Pediatric Brain MRI for Myelin Maturation Age Estimation (Basel cohort)
2025-12-05https://doi.org/10.1148/atlas.1764971690141
123
Overview
Schema Version
https://atlas.rsna.org/schemas/2025-11/dataset.json
Name
Pediatric Brain MRI for Myelin Maturation Age Estimation (Basel cohort)
Link
https://zenodo.org/record/8055666
Indexing
Keywords: pediatric brain MRI, myelin maturation, myelination age, T1-weighted, T2-weighted, deep learning, CNN, ensemble model, Basel cohort, neonates, infants, young children
Content: MR, NR, PD
RadLex: RID10796
Author(s)
Tugba Akinci D’Antonoli
Ramona-Alexandra Todea
Nora Leu
Alexandre N. Datta
Bram Stieltjes
Friederike Pruefer
Jakob Wasserthal
Organization(s)
University Children’s Hospital Basel, Department of Pediatric Radiology
University Children’s Hospital Basel, Department of Pediatric Neurology and Developmental Medicine
Institute of Radiology and Nuclear Medicine, Cantonal Hospital Basel
University Hospital Basel, Department of Neuroradiology, Clinic of Radiology and Nuclear Medicine
University Hospital Basel, Department of Research and Analysis, Clinic of Radiology and Nuclear Medicine
Funding
Authors declared no funding for this work.
Ethical review
Approved by the Ethics Committee Northwest and Central Switzerland (EKNZ BASEC ID 2021–01682) with waiver of informed consent.
Comments
Retrospective single-center pediatric brain MRI dataset (0–3 years) labeled with radiologist-determined myelin maturation age; released with the associated publication.
Date
Published: 2023-07-26
References
[1] Akinci D’Antonoli T, Todea RA, Leu N, Datta AN, Stieltjes B, Pruefer F, Wasserthal J. "Development and Evaluation of Deep Learning Models for Automated Estimation of Myelin Maturation Using Pediatric Brain MRI Scans". Radiology: Artificial Intelligence. 2023-09-01. doi:10.1148/ryai.220292. PMID: 37795138. PMCID: PMC10546368.
Dataset
Motivation
Provide a large, diverse open-access dataset to develop and evaluate models that estimate myelin maturation age from pediatric brain MRI.
Sampling
Retrospective retrieval from PACS using PACS/RISCrawler based on brain MRI, age 0–3 years, exams from Jan 1, 2011 to Mar 17, 2021; excluded external transfers, age >36 months, and severe motion or near-global pathology.
Partitioning scheme
Random split with subsequent minor manual adjustments to balance pathology: 85% (710) for training/cross-validation, 15% (123) for internal testing; fivefold cross-validation used for hyperparameter optimization.
Missing information
Sex, race/ethnicity, and exact image resolutions not reported.

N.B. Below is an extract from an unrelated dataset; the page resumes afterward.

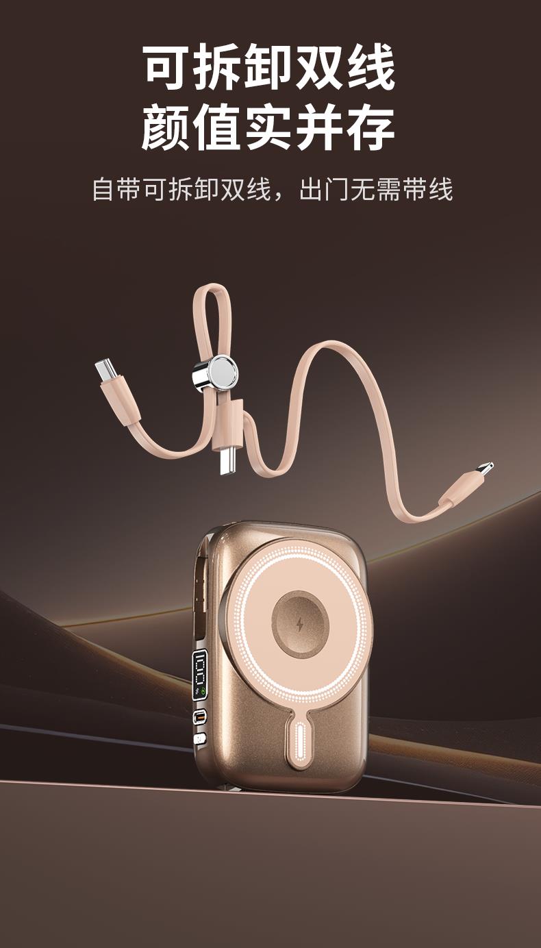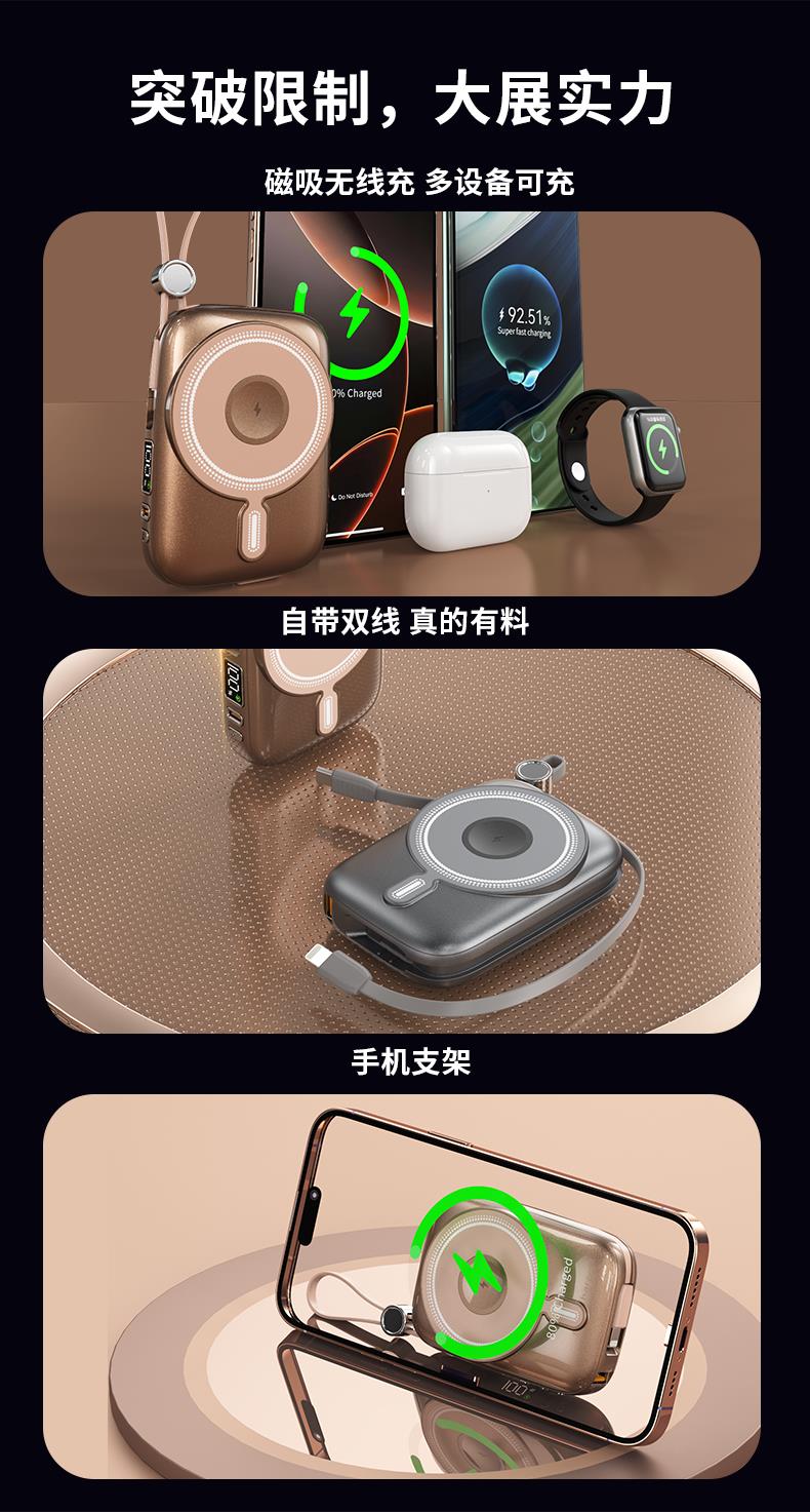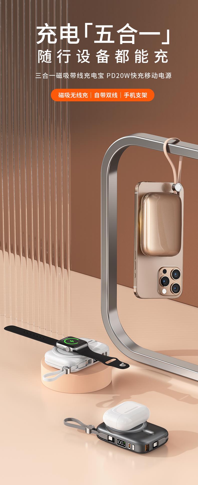 产品名称:三合一磁吸无线充移动电源(自带插拔线)

Relationships between instances
Follow-up examinations for the same patient were excluded to maintain one examination per patient.
Noise
Includes cases with minor pathologic features and motion artifacts to reflect real-world variability; acquisition protocols varied over a decade (same scanner).
External data
Two public datasets (NIH pediatric brain MRI database and Developing Human Connectome Project) were used only for external testing, not included in this released dataset.
Confidentiality
Images were de-identified and skull stripped to remove nonbrain tissue.
Re-identification
Risk mitigated by de-identification and skull stripping (SynthStrip) to avoid facial features and PHI.
Sensitive data
Pediatric neuroimaging data (infants and young children).